/---

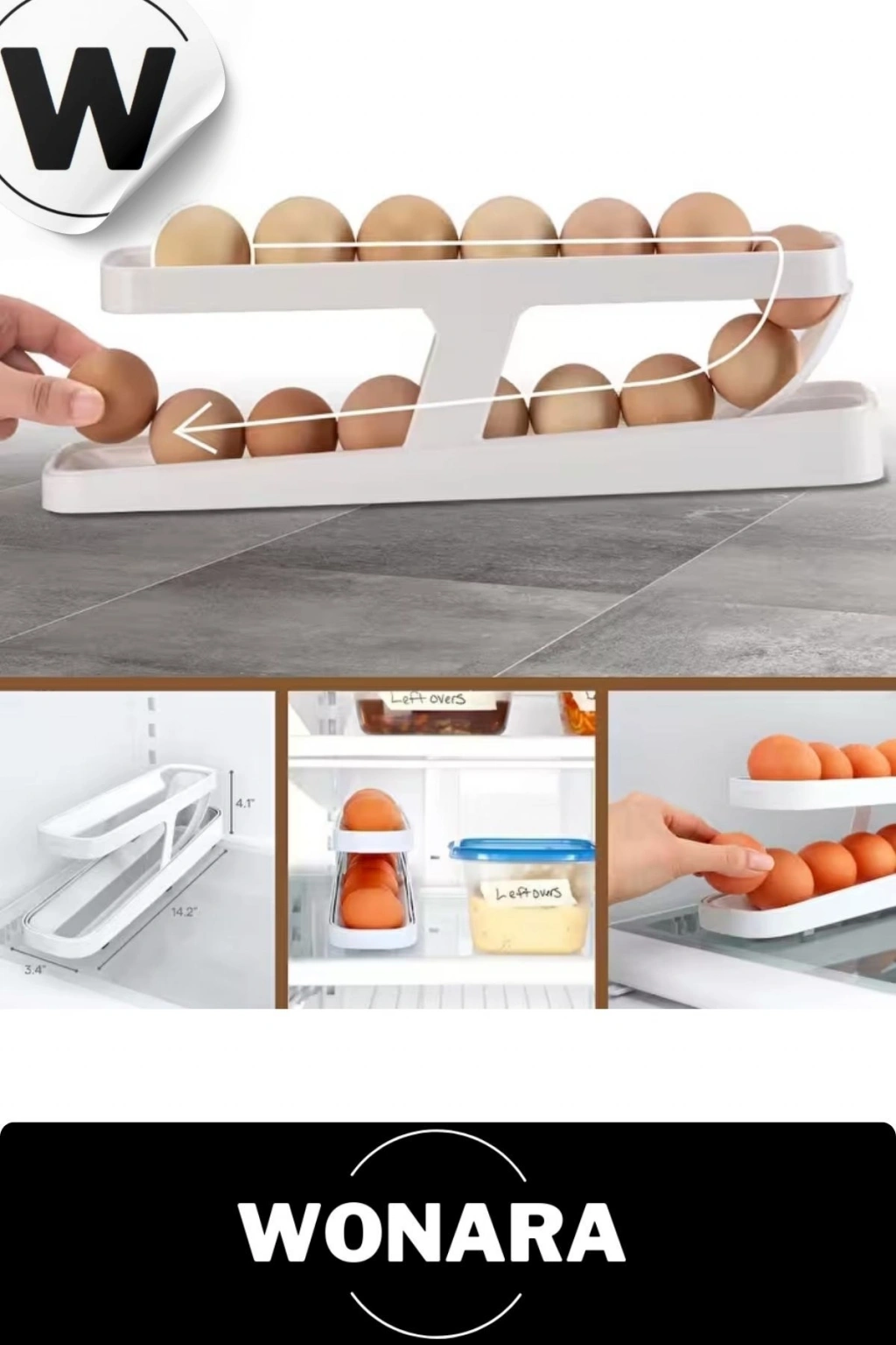 Premium Plastik 2 Katlı Otomatik Geniş Kapasiteli Yuvarlanan Yumurta Saklama Düzenleyici Rafı 1 Adet
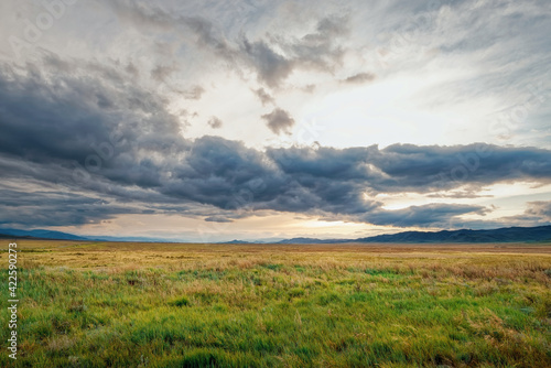 Fields and open spaces in the steppes of Tuva against the background of sunset clouds in autumn it is time to harvest cereals
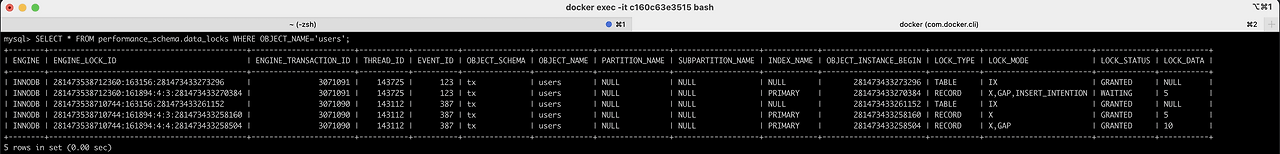 mysql> SELECT * FROM performance_schema.data_locks WHERE OBJECT_SCHEMA = 'tx' AND OBJECT_NAME = 'users';

\---

### PROBLEM TO SOLVE
Would you transcribe all of the data exactly, omitting any pictures?

### YOUR RESPONSE
 Premium Plastik 2 Katlı Otomatik Geniş Kapasiteli Yuvarlanan Yumurta Saklama Düzenleyici Rafı 1 Adet
 Fields and open spaces in the steppes of Tuva against the background of sunset clouds in autumn it is time to harvest cereals
 mysql> SELECT * FROM performance_schema.data_locks WHERE OBJECT_SCHEMA = 'tx' AND OBJECT_NAME = 'users';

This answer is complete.